It may be of interest to you to know that when I recently registered a new CMS, the Department of Natural Resources and Mines (DERM) required, by virtue of Section 66 (db) and (dc)of the BCCM Act, an explanation as to why certain principles had been decided. Surely DERM could have the same responsibility to ensure that the correct module was decided as it has equivalent or even greater impact on owner’s contributions to levy costs.

Section 66 Requirements for community management statement
(db) ··· (i) the contribution schedule principle under section 46(7) on which the contribution schedule lot entitlements have been decided;
(ii) if the contribution schedule lot entitlements have been decided in accordance with the equality principle and are not equal—explain why they are not equal;
(iii) if the contribution schedule lot entitlements have been decided in accordance with the relativity principle—include sufficient details about the principle to show how individual contribution schedule lot entitlements for the lots were decided by using it;

Intending purchasers unfamiliar with Strata legislation, have a right to expect that a developer is acting lawfully and that adequate consumer protection is in place to protect their rights. This is a principal objective of the BCCM Act as stated at Section 4(g). That a developer can impose a 25 year obligation on owners when currently 10 years applies adds millions of dollars in living costs on those owners over the 25 years. Understandably those owners will not be happy as they become familiar with their body corporate and Queensland strata law.

Finally we must raise the issue of lack of certainty.

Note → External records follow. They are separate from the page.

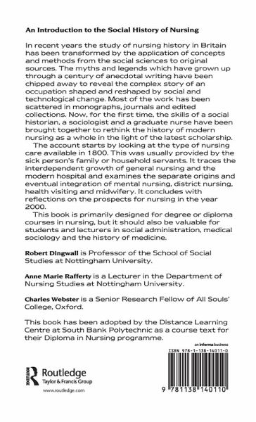 Combining the skills of a social historian, a sociologist and a graduate nurse, this book traces the history of nursing from 1800 and speculates on the future of nursing in the year 2000.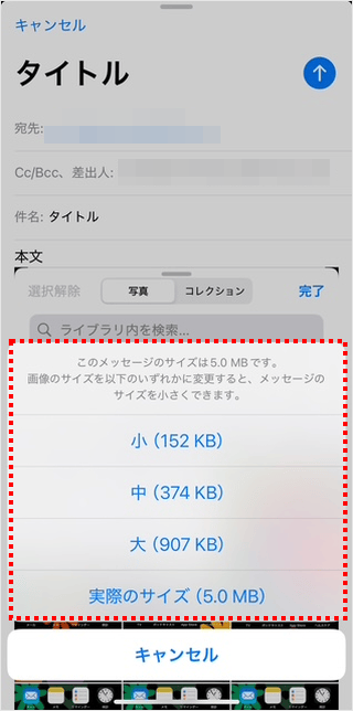 メールアプリから画像を添付してメールアプリで送ることができます。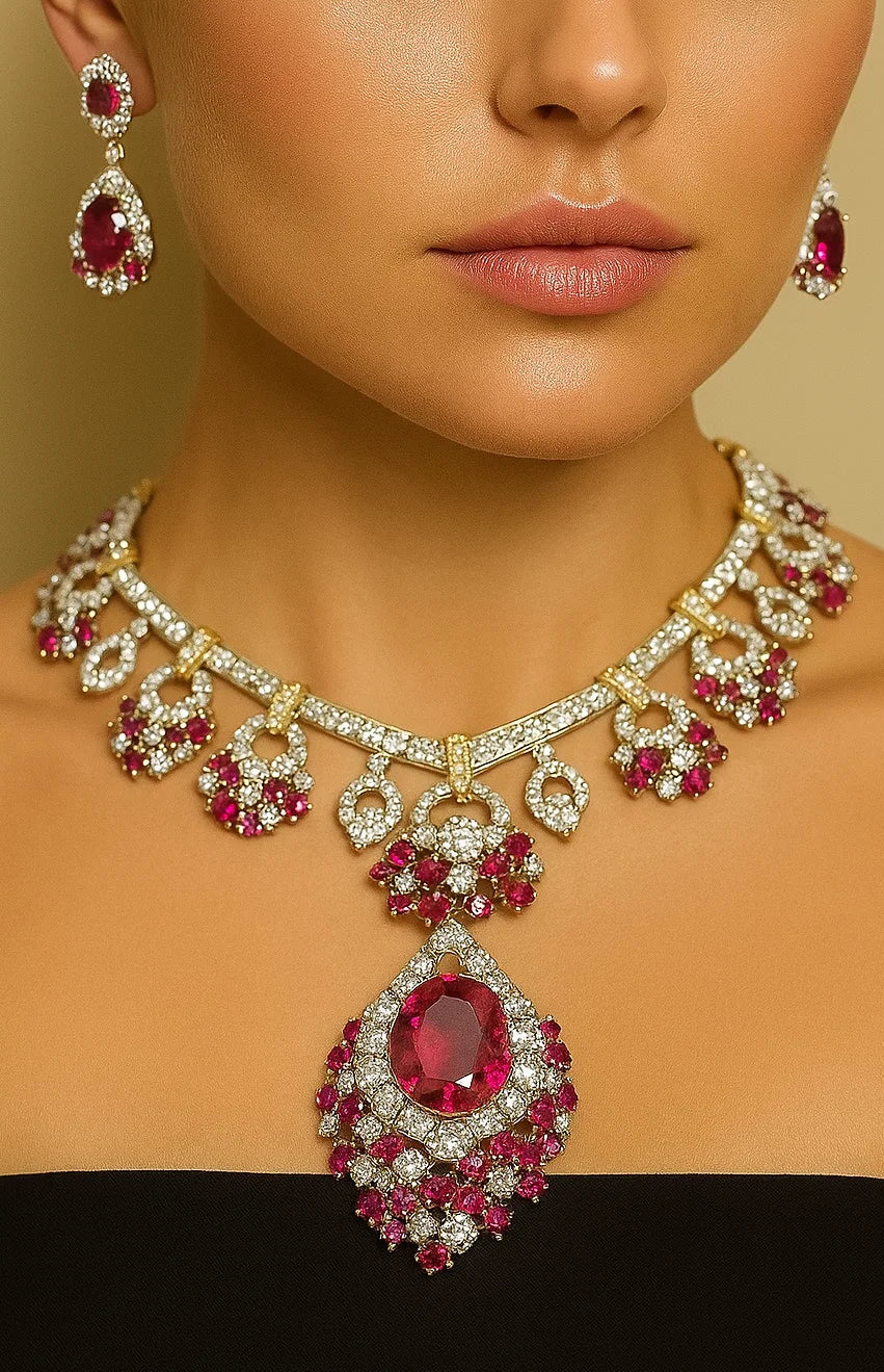 A whisper from the past, the Maharani Ruby Necklace is an ode to regal beauty and quiet power. Inspired by the splendour of royal dynasties and the enduring allure of vintage heirlooms, this necklace glows with the passion and depth of a ruby-red sunrise. The centrepiece is a vivid ruby, radiating warmth and strength, chosen to mirror the soul of a maharani: radiant, timeless, and unshaken.

With the V77 project the developer is representing that “The scheme is intended to operate as a residential community” and “All lots in the scheme are to be used for residential purposes”. Yet the scheme is being incorrectly classified Accommodation Module as denoted at Section 3 of that module:

3 Application of this regulation—Act, s 21 [SM, s 3]
(1) This regulation is a regulation module for the Act.
(2) For this regulation to apply to a community titles scheme—
(a) the lots included in the scheme must be predominantly accommodation lots; or [s3]
Body Corporate and Community Management (Accommodation Module)
(3) In this section—
accommodation lot means a lot that is either or both of the following—
(a) the subject of a lease or letting for accommodation for long or short term residential purposes, or immediately available to be the subject of a lease or letting for accommodation for long or short term residential purposes;
(b) part of a hotel

Section 3 of the Accommodation Module permits “short term residential purposes”. An intending purchaser could be misled to believe that a residential community would not permit short term rental, yet by classifying the development Accommodation Module, a future Caretaker/Letting Agent could offer short term rentals, and owners may find it difficult to prevent this from occurring. This argument is supported by the current misuse of Class 2 developments for the purposes of short term rentals.

As the incorrect classification of Standard Module buildings as Accommodation Module has very serious implications for future owners it is only fair, reasonable and responsible for the Government to address this developing problem as a matter of priority.